RGAlign-Rec: Ranking-Guided Alignment for Latent Query Reasoning in Recommendation Systems

📝 Paper Summary

Proactive Intent Prediction Chatbot Recommendations LLM Alignment for Recommendation

RGAlign-Rec aligns an LLM's semantic reasoning with downstream ranking objectives by using a query-enhanced ranking model as a reward signal for refining the LLM's latent query representations.

Core Problem

In chatbot recommendations, there is a semantic gap between discrete user features and fine-grained intents, and a misalignment between general LLM objectives (fluency) and task-specific ranking goals (CTR).

Why it matters:

Standard recommendation models rely on ID-based collaborative signals, failing to capture the semantic nuance of service issues in zero-query chatbot settings.
General-purpose LLMs produce representations optimized for human readability, which are often sub-optimal for ranking metrics like Click-Through Rate.
Proactive prediction of user intent (e.g., delivery delays) is critical for reducing friction in customer service chatbots handling millions of daily interactions.

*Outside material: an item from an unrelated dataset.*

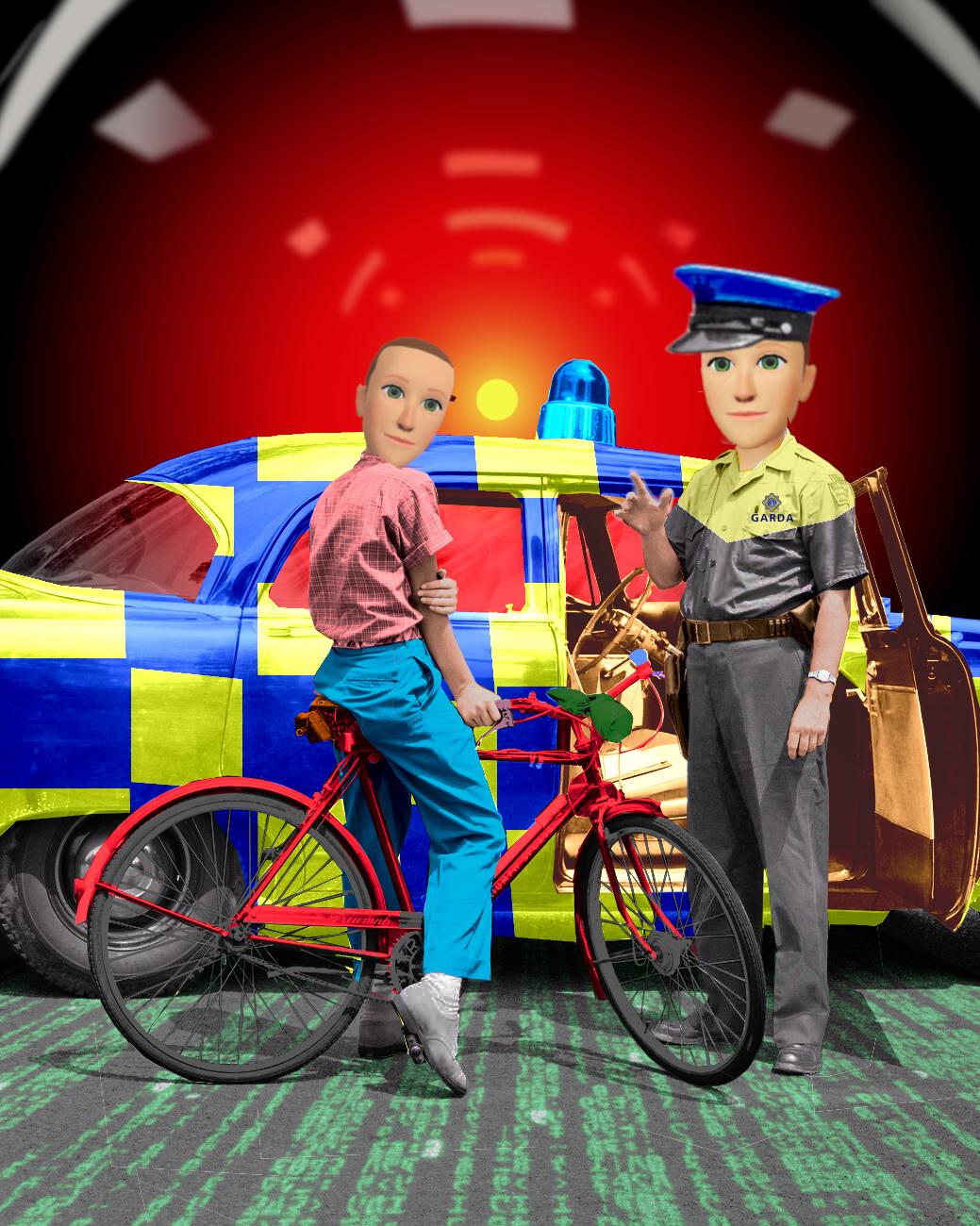 A 1950s image of a cop with a patrol car lecturing a boy on a bicycle. Both the cop's head and the boy's head have been replaced with the head of Mark Zuckerberg's metaverse avatar. The ground has been replaced with a 'code waterfall' effect as seen in the Wachowskis' 'Matrix' movies. The background has been replaced with the glaring red eye of HAL 9000 from Stanley Kubrick's '2001: A Space Odyssey.' The cop's uniform and car have been decorated to resemble the livery of the Irish Garda (police) and a Garda logo has been placed over the right breast of the cop's uniform shirt.

Concrete Example: A user has an order stuck in 'To Receive' for 7 days. A standard model sees discrete IDs and might miss the urgency. A general LLM might describe the issue fluently ('The user is waiting') but fail to map it to the specific KB intent 'Speed up parcel delivery' because the embedding isn't aligned with the ranking space.

Key Novelty

Closed-Loop Ranking-Guided Alignment (RGA)

Treats the recommendation ranking model as a Reward Model (RM) to provide feedback to the LLM reasoner, rather than relying on human preference labels.
Introduces a 'Query-Enhanced' three-tower architecture where an LLM synthesizes a latent query from user history, which is then explicitly aligned with item and user towers.
Uses a multi-stage alignment process: first training the ranker, then using the ranker to select best-of-N LLM queries for supervised fine-tuning and contrastive learning.

Architecture

The three-stage RGAlign-Rec framework: (1) Training QE-Rec with a frozen LLM, (2) Ranking-Guided Alignment (RGA) where the QE-Rec acts as a Reward Model to select best teacher queries for LLM fine-tuning, and (3) Re-training QE-Rec with the aligned LLM.

Evaluation Highlights

+0.12% absolute GAUC improvement on a large-scale Shopee industrial dataset, representing a 3.52% relative reduction in error rate.
+0.98% CTR improvement in online A/B testing from the Query-Enhanced model alone, with an additional +0.13% gain after Ranking-Guided Alignment.
+0.56% improvement in Recall@3 compared to strong baselines like DIN and SASRec.

Breakthrough Assessment

7/10

Solid industrial application of LLM-for-RecSys. The closed-loop alignment using the ranker as a reward model is a practical, effective strategy for domain-specific alignment without expensive human annotation.

⚙️ Technical Details

Problem Definition

Setting: Zero-query intent prediction formulated as a top-K ranking task.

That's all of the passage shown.